Современный ребенок имеет все меньше возможностей наблюдать за работой родителей или, по крайней мере, эмоционально разделять — через конкретные, понятные образы — компетентность родителей и гордиться их трудом в ситуации, где самость родителей задействована наиболее глубоко, а ядро их личности доступно эмпатическому наблюдателю. В лучшем случае современный ребенок может наблюдать за действиями родителей в часы их досуга.
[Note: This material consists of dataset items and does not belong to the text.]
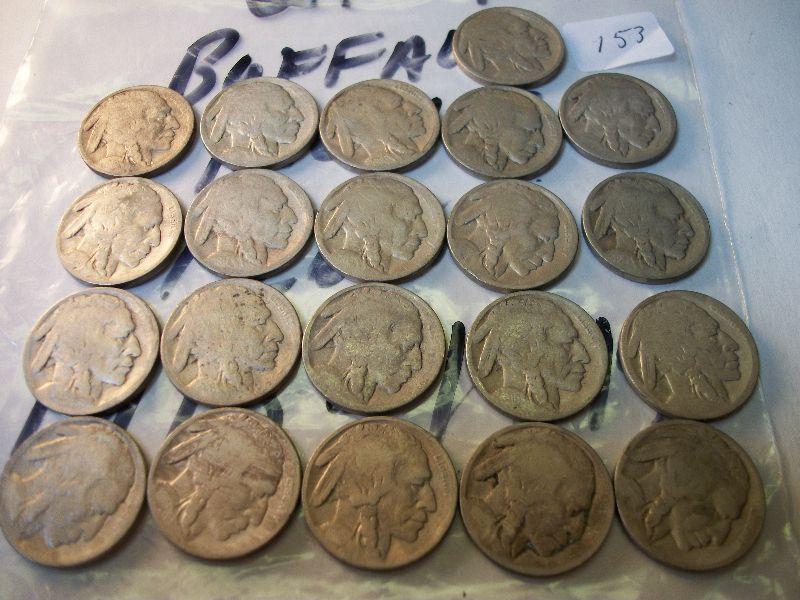 21 PIECE BUFFALO NICKELS 1913-1919 WITH READABLE DATES
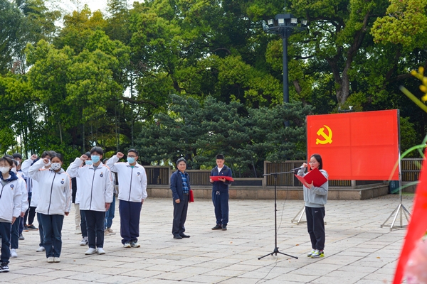 在尊严的烈士纪念碑前,党员和团员分别面向党旗、团旗重温了入党、入团誓词。誓言铮铮,初心如磐,饱满的热情、发自肺腑的承诺抒发着对理想的忠诚,铿锵有力的誓词久久回荡。
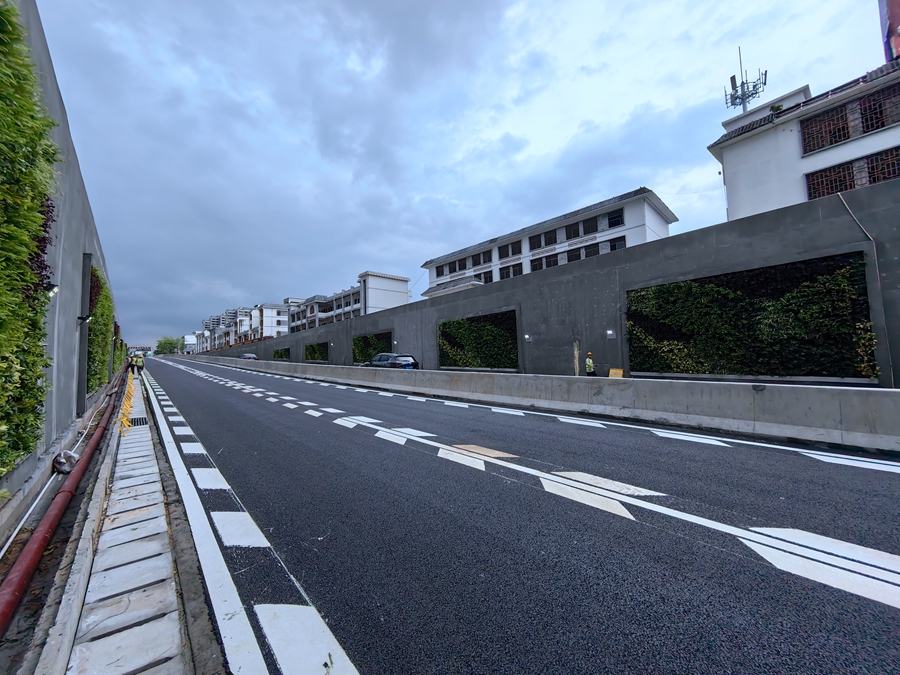 當(dāng)天上午10時(shí)許,記者駕車到該處現(xiàn)場(chǎng)體驗(yàn)。從廣惠高速羅浮山出口下來后進(jìn)入羅浮大道,很快就來到324國(guó)道與羅浮大道交叉口,雙向來往車輛通過隧道快速通行。在下沉通道內(nèi),路面鋪設(shè)了瀝青,交通標(biāo)線清晰。令人眼前一亮的是,通道的墻體上還安裝了多塊立體綠化,種植了鴨腳木、吊蘭等植物,看上去十分美觀養(yǎng)眼。
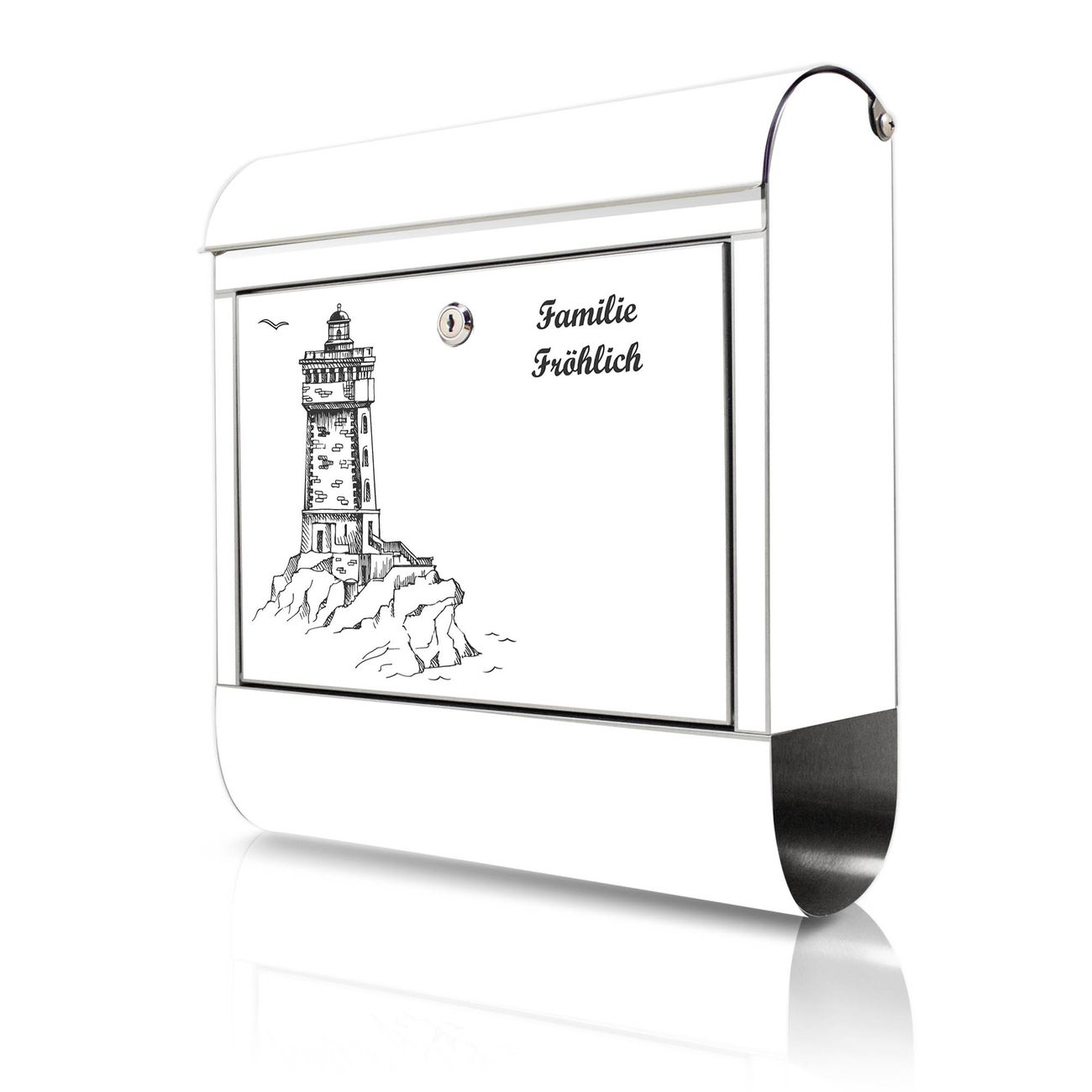 Wandbriefkasten Edelstahl Motiv Leuchtturm 8
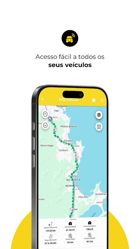 • التاريخ الكامل، مما يسمح لك بتحديد وقت البدء ووقت الانتهاء المطلوب، مع قائمة كاملة بجميع المواضع التي تم العثور عليها، مع تسليط الضوء على الوقت المستغرق في التوقف أو الإيقاف في كل موضع. ملخص التاريخ يشير إلى إجمالي الكيلومترات، ووقت الحركة، ووقت التوقف، ووقت التوقف، ومتوسط السرعة والحد الأقصى.

Здесь и в самом деле существуют возможности для ребенка эмоционально разделять компетентность и гордость родителей, когда, например, во время путешествия сын или дочь вместе с отцом устанавливают палатку и ловят рыбу, а вместе с матерью готовят еду для семьи. Но хотя я полностью осознаю полезное воздействие, которое эмоциональная близость к подобного рода родительским действиям оказывает на формирование самости ребенка, я утверждаю, что эмоциональное участие в играх с родителями и в деятельности родителей в часы их досуга не обеспечивает ядерную самость ребенка такой же по важности «пищей», как эмоциональное участие в деятельности родителей в реальной жизни — особенно в аспекте ограниченных, оптимальных, не наносящих травму родительских фрустраций, снабжающих «топливом» для преобразующей интернализации.